Пару дней спустя черепаха отправился на иссушенный огород, чтобы посмотреть, не осталось ли там чего-нибудь съедобного. Он остановился возле куста, чтобы облегчиться. Правда, куст был высохшим и почти ничего не прикрывал, зато через его ветки черепаха увидел пса, который поднял голову вверх и пел. Черепаха подумал, что пес, должно быть, сошел с ума от горя. Зачем пес поет небу? Черепаха прислушался и услышал, что именно пел пес:
— ‘Nne, Nne, Мама, мама!
— Njemanze! — хором отозвались мои кузены.
— ‘Nne, Nne, я пришел!
— Njemanze!
— ‘Nne, Nne, сбрось веревку! Я пришел!
— Njemanze!
И тогда черепаха вышел из-за куста и пристыдил пса. Тот признался, что на самом деле его мать не умерла, а перебралась на небо к богатым друзьям. И пес выглядел таким здоровым потому, что она каждый день кормила его на небе.
— Какой ужас! — кричал черепаха. — Так-то ты ел помет! Погоди, об этом узнает вся деревня!
Конечно, черепаха был очень хитрым. Он и не собирался ничего рассказывать в деревне, зная, что пес предложит ему подняться на небо. И когда пес предложил, черепаха сделал вид, что задумался, но слюни уже текли по его щекам. Пес снова спел песню, и с неба спустилась веревка. Так они вдвоем и поднялись наверх.
Мать пса не обрадовалась, увидев, что сын привел друга, но все равно его накормила. Черепаха ел, как дикий зверь. Он проглотил почти весь фуфу и суп onugbu и влил в себя целый рог пальмового вина. После обеда они спустились вниз, и черепаха сказал псу, что никому не проболтается, только если пес будет каждый день брать его на небо, пока не придет сезон дождей и не закончится голод. Пес согласился.
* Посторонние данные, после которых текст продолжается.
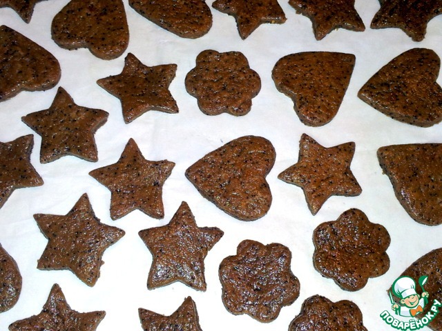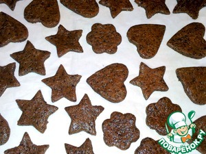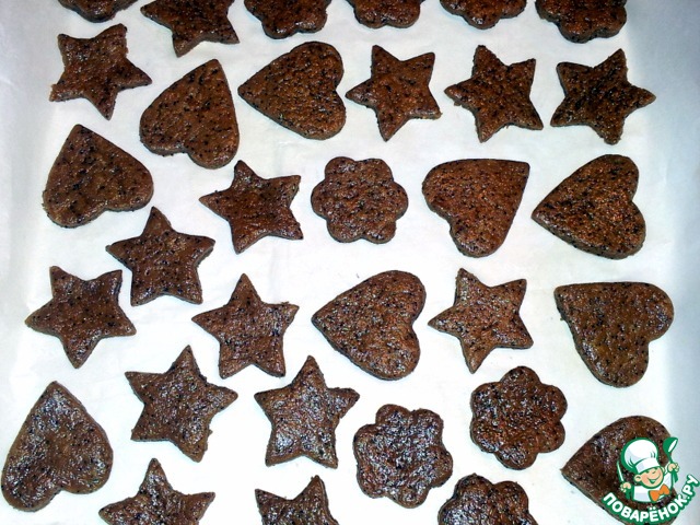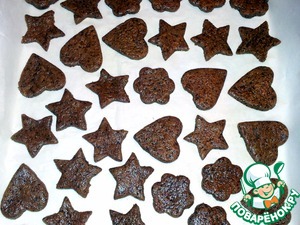 Вырезанные заготовки разложили на противень покрытый пергаментом и поставили выпекать в разогретую духовку на 10 минут при температуре 180 градусов. Этого времени при такой температуре достаточно. Горячее печенье мягкое, но когда оно остынет, низ и верх печенья будут твёрдые, а серединка останется мягкая.
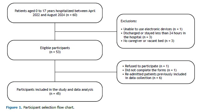 Inclusion criteria were as follows: CF patients in the 0- to 17-year age bracket hospitalized in the HCPA Pediatric Inpatient Unit during data collection (from April of 2022 to August of 2024). Patients without a companion or those with conditions that prevented the use of electronic devices were excluded from the study. Figure 1 illustrates the participant selection process.

А что еще ему оставалось делать?
Но чем больше черепаха ел на небе, тем большего ему хотелось. И однажды он решил, что будет подниматься на небо один и съедать порцию пса. Черепаха пришел на условленное место к сухому кусту и, подражая голосу пса, запел. Но пес услышал, рассердился и стал петь громче.
— ‘Nne, Nne, Мама, мама!
— Njemanze! — подхватили кузены.
— ‘Nne, Nne! Это не твой сын поднимается!
— Njemanze!
— ‘Nne, Nne! Обрежь веревку! Это не твой сын поднимается! Это хитрый черепаха!
— Njemanze!
Мать пса обрезала веревку, и черепаха, который уже наполовину поднялся к небу, кубарем полетел вниз. Он упал на камни и разбил панцирь. И с того самого дня у всех черепах он с трещиной.
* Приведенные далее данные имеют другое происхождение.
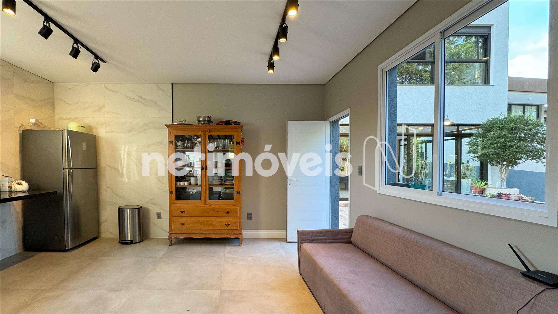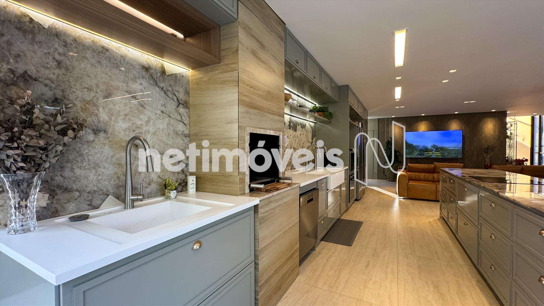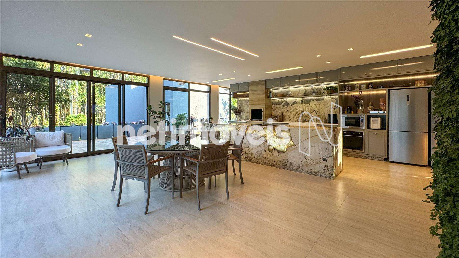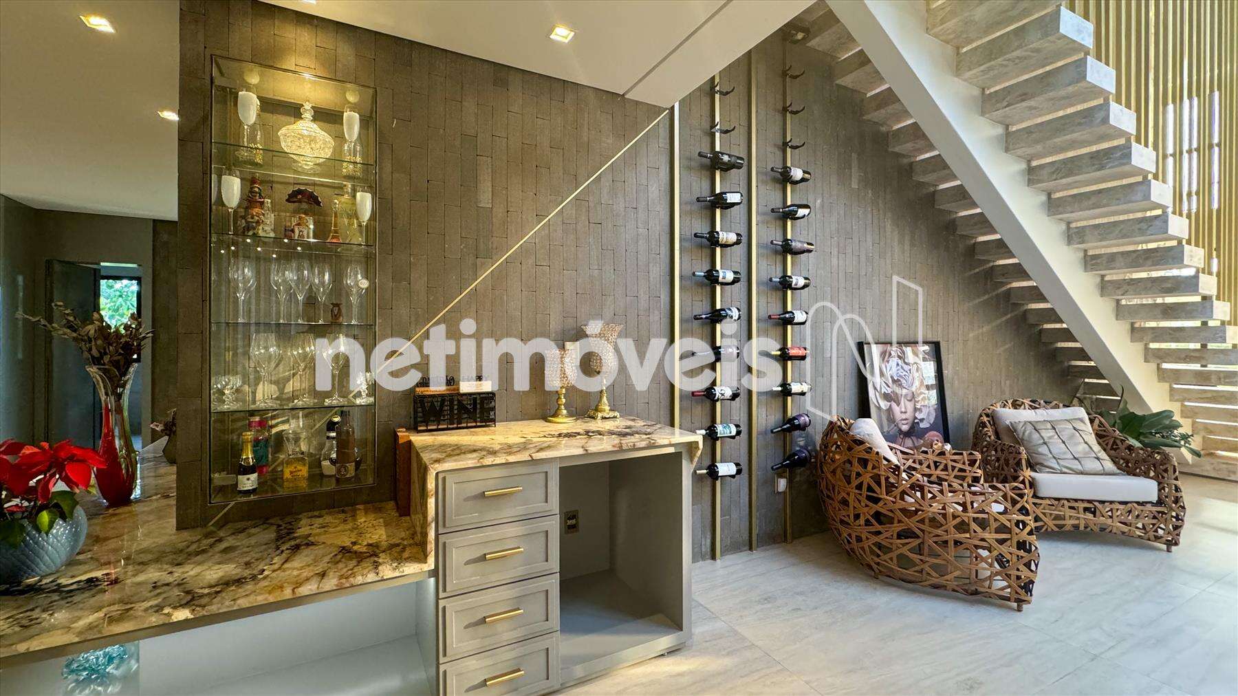 Casa de 4 quartos sendo 2 suítes e 2 semi-suítes com acabamento diferenciado, ao lado da portaria e fundo para a mata. Ampla sala com pé direito duplo, lareira retroiluminada em pedra natural (Quartzito White Patagônia) do chão ao teto. Salas de jantar, de TV e Cozinha integradas com Adega e Cristaleira em vidro. Todos os ambientes com acabamento no mesmo Quartzito e marcenaria impecável. Móveis com acabamento laqueado, iluminação planejada em led, bancada da cozinha com calha úmida em Corian. Área Gourmet com churrasqueira e pia em Corian. Belíssimo Lavabo interno com acabamento em filetes dourados e externo para atender a área de lazer. Ampla despensa, louceiro e área de serviço. Casa de Hóspedes (Edícula) com2 quartos, banho, cozinha e sala integrada. Estar íntimo no segundo pavimento e Night Kitchen.
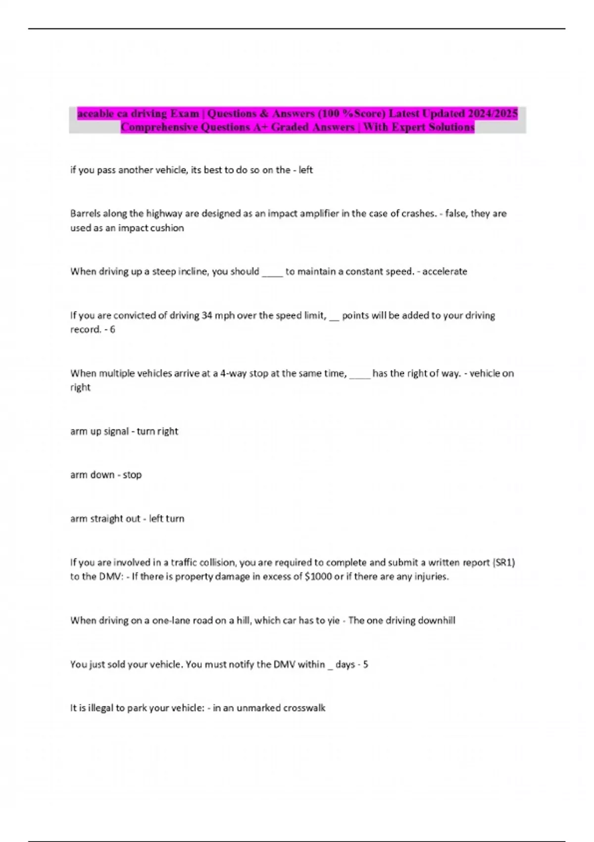 Aceable Level 1 | Questions & Answers 2 Exam (elaborations) Aceable - Drivers Ed | Questions & Answers 3 Exam (elaborations) Aceable Adult Driver s Ed (Assessment Q s) | Questions & Answers 4 Exam (elaborations) Aceable Agent Level 11 Exam Study Guide | Questions & Answers 5 Exam (elaborations)

— У черепахи треснутый панцирь! — фыркнул Чима.
— А вам не кажется странным, что только мать пса попала на небо? — как бы случайно поинтересовался Обиора по-английски.
— И вообще, кто эти богатые друзья на небе? — подхватила Амака.
— Должно быть, предки пса, — заметил Обиора.
Кузены расхохотались, и дедушка засмеялся тоже, мягко, негромко, словно понимал английские слова. Потом он откинулся назад и закрыл глаза. А я наблюдала за ними и жалела, что я не кричала «Njemanze» вместе со всеми.